Maggie in White by Sharon Burch
Toner
ISBN: 9781500331788
Published by: CreateSpace Publishing
Published: October 2014
Trade Paperback, 250 pages
Maggie and Allie take a shortcut through the mountains on
their way to a getaway weekend in Southern California, get caught in a blizzard
and slide off the road. Ever resourceful, they leave their car in the ravine
and set out to find help, stumbling upon remote Sanctuary Inn. Happy to find
warmth and shelter to wait out the storm in a beautiful Inn, they discover that
it has everything one could possibly want in a weekend retreat, friendly,
concerned owners, delicious homemade food, a well-stocked library, beautiful
paintings, exercise equipment, a greenhouse for fresh produce, 6 horses, 2
dogs, 2 cats and as the narrator says, “it
reeks of money.” Maggie calls the Inn “never, never land.”
The narration then switches to Paris 1942 where Nils Von
Pfeffer, a curator of art at the Jeu de Palme museum “rescues” 13 valuable pieces
of art that the Nazis deem degenerate and want destroyed. He and his wife narrowly
escape the Nazis, immigrate to America and set up an art gallery with the
stolen artwork. This is the very touching backstory to the novel. The reader
will love the family letters detailing the events.

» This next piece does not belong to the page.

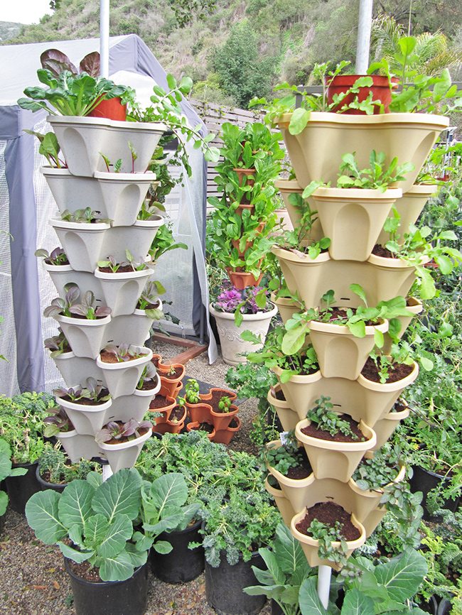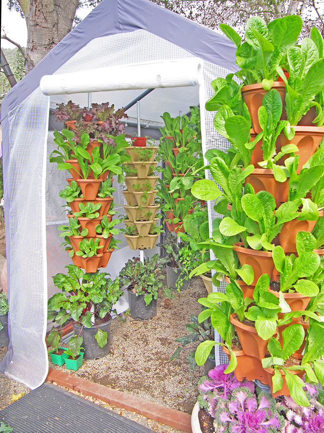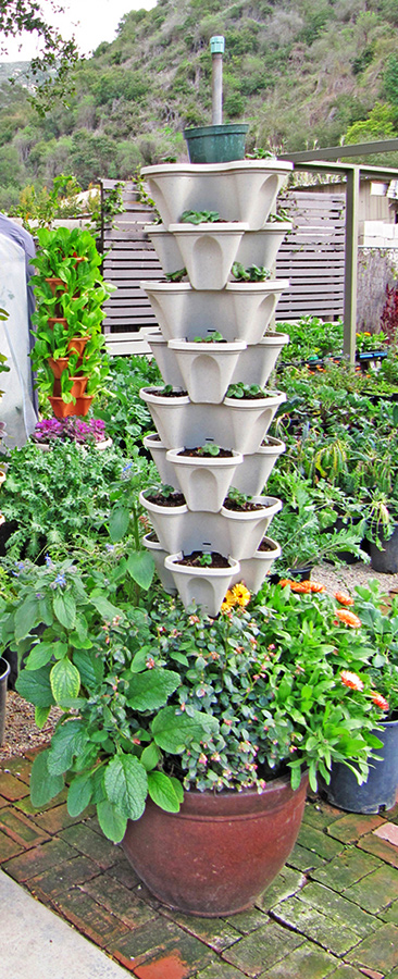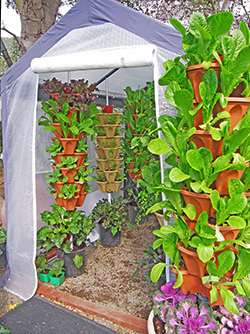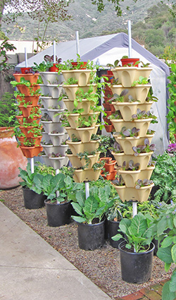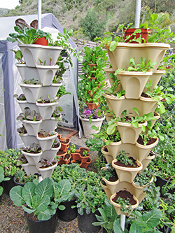 EnviroIngenuity® Vertical Gardens from Alegría are offered with everything you need to start growing healthy greens, vegetables, herbs, and fruits at home. Our custom, single-tower hydroponic Vertical Garden systems can be placed anywhere there is sufficient light, including balconies and patios or installed as vertical gardens in your existing raised-bed garden. The Vertical Garden can be moved easily and the stacking pots can be removed and taken inside should weather conditions become severe (too cold or too windy). Up to 50 plants can be grown in less than two square feet. And replanting is simple, just remove the pots, recycle the coir, replant with new seedlings and re-stack. Each Vertical Garden tower comes with patented stacking pots, a custom base pot, all hardware to assemble the tower, plus specially formulated plant nutrients. Certified organic, non-GMO seeds and mature seedlings ready-to-plant are available on special order. Our stacking pots are available in three colors to match your décor. Choose either Terra Cotta, Sandstone or Tuscany or mix and match to suit your taste. The standard Home Garden tower comes with six (6) stacking pots and a large custom base pot from our inventory. We recommend a maximum of eight (8) stacking pots per tower. Home installation, consulting (design/build residential and commercial hydroponic vertical farms), automatic watering systems and custom planting services are also available. |

Back at the Inn, Maggie and Allie meet the handful of seemingly
normal guests; but then dead bodies
begin to appear, one in a horse stall, another in the greenhouse; everyone becomes a suspect and some people
are not who they seem to be. As in all of the previous Maggie books, amateur
sleuthing takes place by Maggie and Allie. Both are getting better at it. Allie
even has the presence of mind to take pictures of the crime scene with her cell
phone!
I loved the description of the horses at the Inn,
particularly the two Arabians, Rafik and Laziz. How wonderful to walk into a
barn and be greeted by horses! “And Allah
took a handful of southerly wind, blew his breath over it, and created the
horse…Thou shall fly without wings, and conquer without any sword. Oh horse” says a Bedouin legend quoted by the author.
Beautiful!
The mystery kept me turning the pages. I was particularly
interested in how the author intertwined the events in Europe during the war
years with the present-day story. Very imaginative, but believable.

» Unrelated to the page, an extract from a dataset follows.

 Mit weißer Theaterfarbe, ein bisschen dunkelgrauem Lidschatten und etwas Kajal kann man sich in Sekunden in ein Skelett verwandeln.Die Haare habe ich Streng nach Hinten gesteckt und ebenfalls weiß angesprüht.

This is the author’s most ambitious work and in my
opinion, her best, as she successfully weaves in mystery, murder, art forgery,
Nazi intrigue, romance, adventure on the high seas and the ever-present close
relationship between mother and daughter. And it’s an entirely clean read.
Note: This book is rated C = clean read.
Reviewed by Sandra
Disclosure: Thanks to Sharon Burch Toner for sending me this book for review. I was not compensated in any other way, nor told how to rate or review this product.